PROMPT: Each line below from the "Pinstripe Geplooide Mini-jurk" line through the "Das exklusive Aufkleber-Set" line, those two included, must be restated word for word; the pictures must not be.

DATA LISTING:
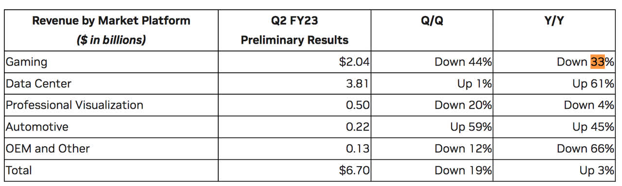 We called out NVDA's exposure to crypto-mining GPU demand back in April. NVDA's recent preliminary results confirm our predictions that GPU sales will drop. NVDA founder and CEO Jensen Huang stated that NVDA's GPU sales have "declined significantly." Preliminary results predict NVDA's gaming revenue to fall 33% year-to-year and a hefty 44% quarter-on-quarter. The following graph outlines NVDA's negative pre-announcement for 2Q23.
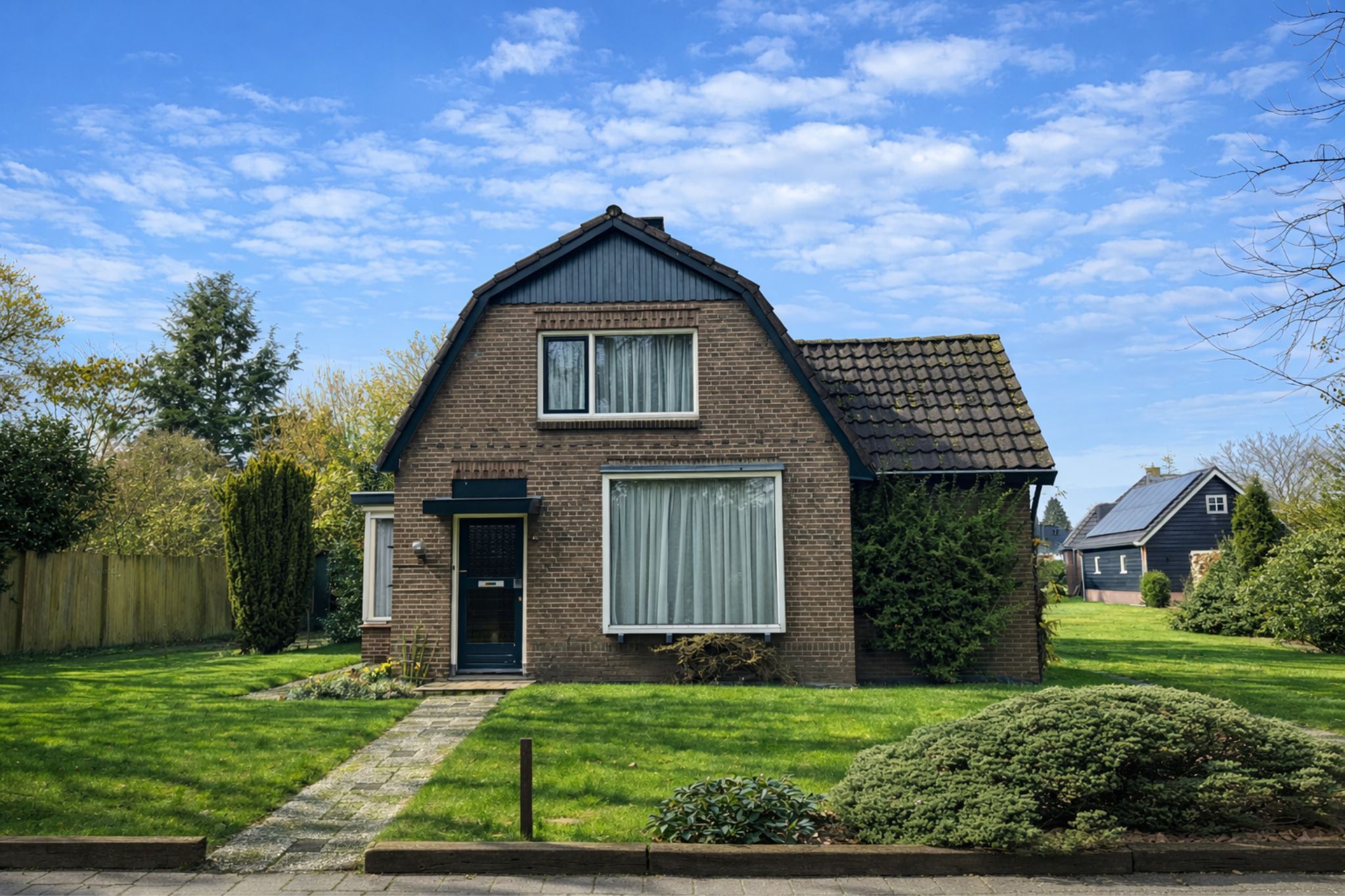 Het huis staat op een fors perceel met een fraaie tuin. Achter het huis vindt u een vrijstaande garage met aangrenzende schuur. Rondom het grote gazon liggen goedgevulde borders en bloemperken, waardoor het in alle seizoenen schitterend is.
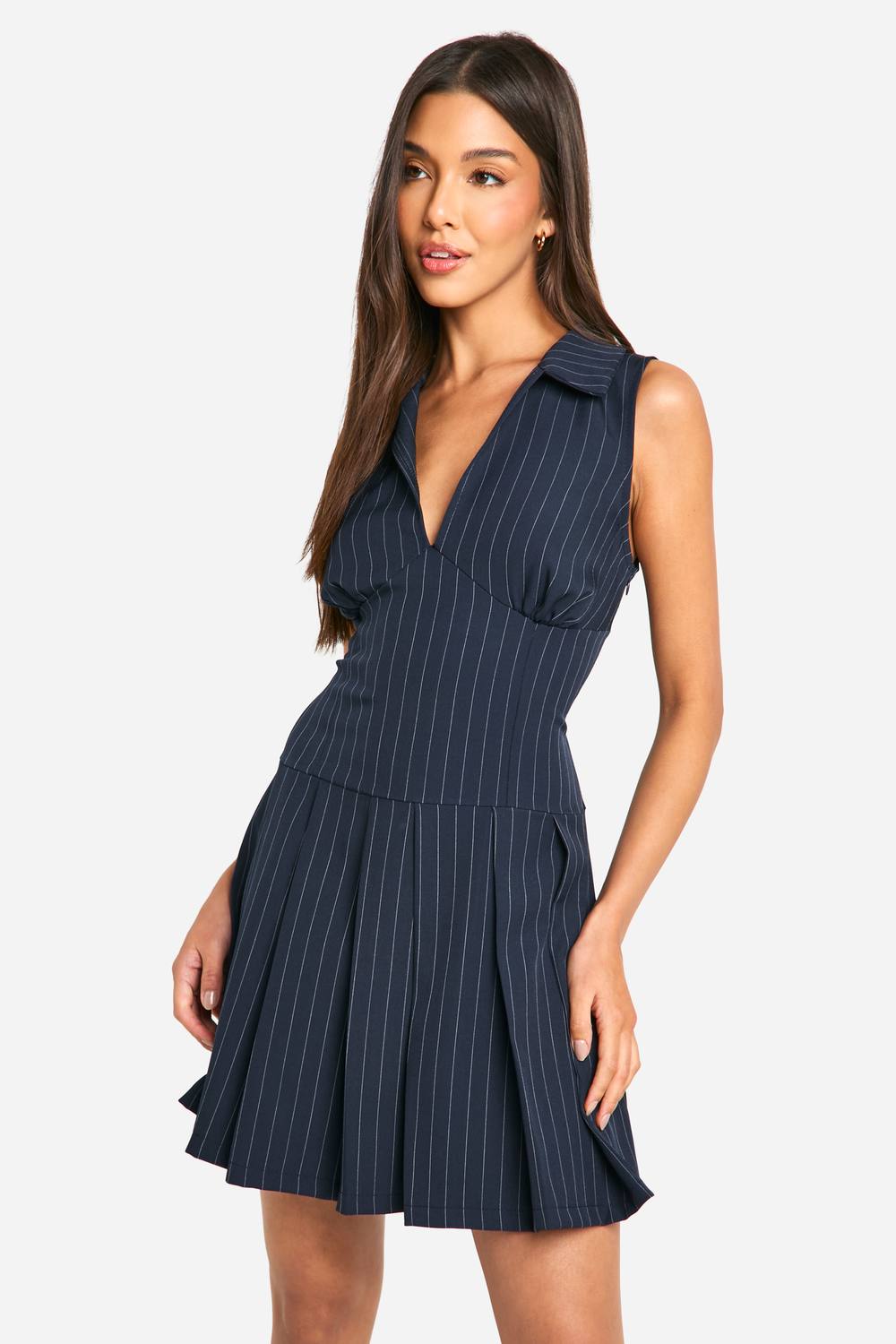Pinstripe Geplooide Mini-jurk
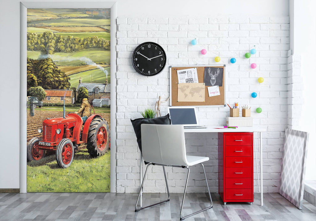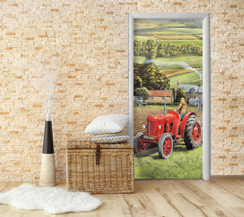 3D Hillside Meadow Red Tractor 10393 Trevor Mitchell Door Mural Sinsin
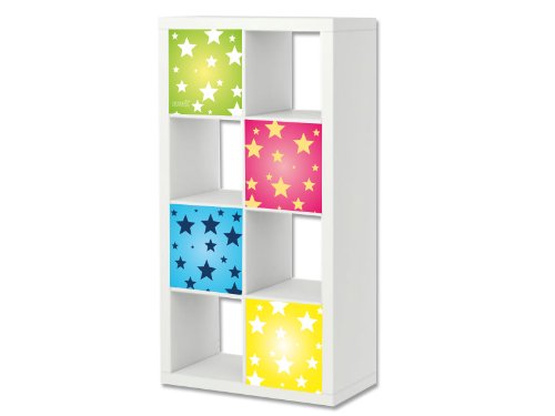 "Sterne" (bestehend aus 4 Aufklebern) passend für das Regal EXPEDIT / KALLAX von IKEA. Die Aufkleber lassen sich für den Einsatz mit Tür sowie für den Einsatz mit zwei Schubladen optimal verwenden. Die Anordnung der Möbelsticker kann nach eigenen Wünschen variiert werden. Das exklusive Aufkleber-Set
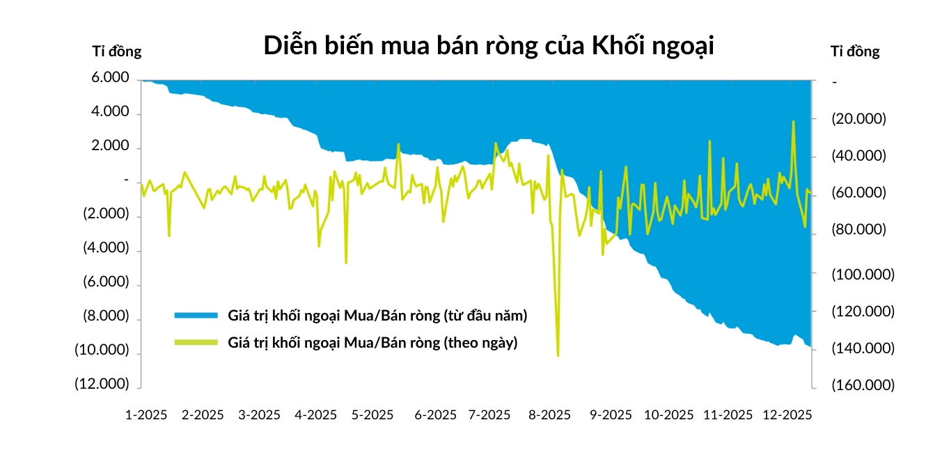 Kỳ vọng vốn ngoại trở lại vào đầu năm đã không diễn ra, thậm chí còn bán ròng kỷ lục. Cuối năm 2025, sau chuỗi bán ròng 4 tháng liên tiếp với giá trị giảm dần, khối ngoai đã quay trở lại mua ròng nhẹ trong tháng 12, dù với giá trị cũng khá khiêm tốn.
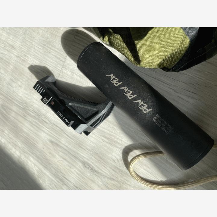 - QD AFG-kahva, kuin uusi. 10€- Äänenvaimennin, jotain raapamaa kiskosta peräpäässä, mutta hyväkuntoinen silti. Kyljessä Covert Tactical ja Pew Pew Pew tekstit.10€
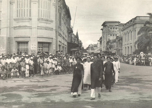 Người dân đi tham gia tuần lễ vàng 1945 |
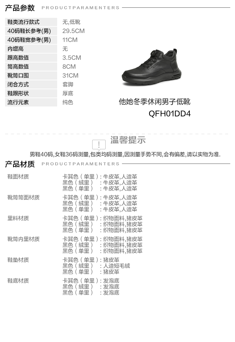 | 闭合方式:套脚 | 40码鞋宽参考(男):11CM | 靴筒口围:31CM | 上市时间:2024年冬季 | 鞋类流行款式:低靴时装靴 |
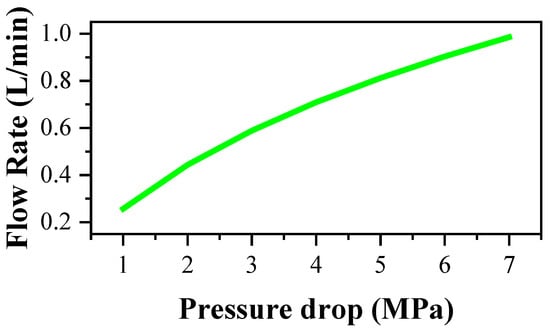 Valves in hydraulic systems introduce resistance to the passage of fluid. This resistance grows as the flow rate increases. Consequently, the flow–pressure curve, also referred to as the P–Q curve, holds significant importance in fluid systems. By conducting experiments to adjust the output flow rate of the quantitative pump and analyzing the pressure data both upstream and downstream of the HSV, it is possible to construct the flow–pressure drop curve for the HSV (Figure 16). It is evident that as the pressure drop rises, the output flow rate of the HSV steadily increases, peaking at a pressure drop of 7 MPa, approximately equal to 1 L/min.

TASK SOLUTION:
Pinstripe Geplooide Mini-jurk
 3D Hillside Meadow Red Tractor 10393 Trevor Mitchell Door Mural Sinsin
 "Sterne" (bestehend aus 4 Aufklebern) passend für das Regal EXPEDIT / KALLAX von IKEA. Die Aufkleber lassen sich für den Einsatz mit Tür sowie für den Einsatz mit zwei Schubladen optimal verwenden. Die Anordnung der Möbelsticker kann nach eigenen Wünschen variiert werden. Das exklusive Aufkleber-Set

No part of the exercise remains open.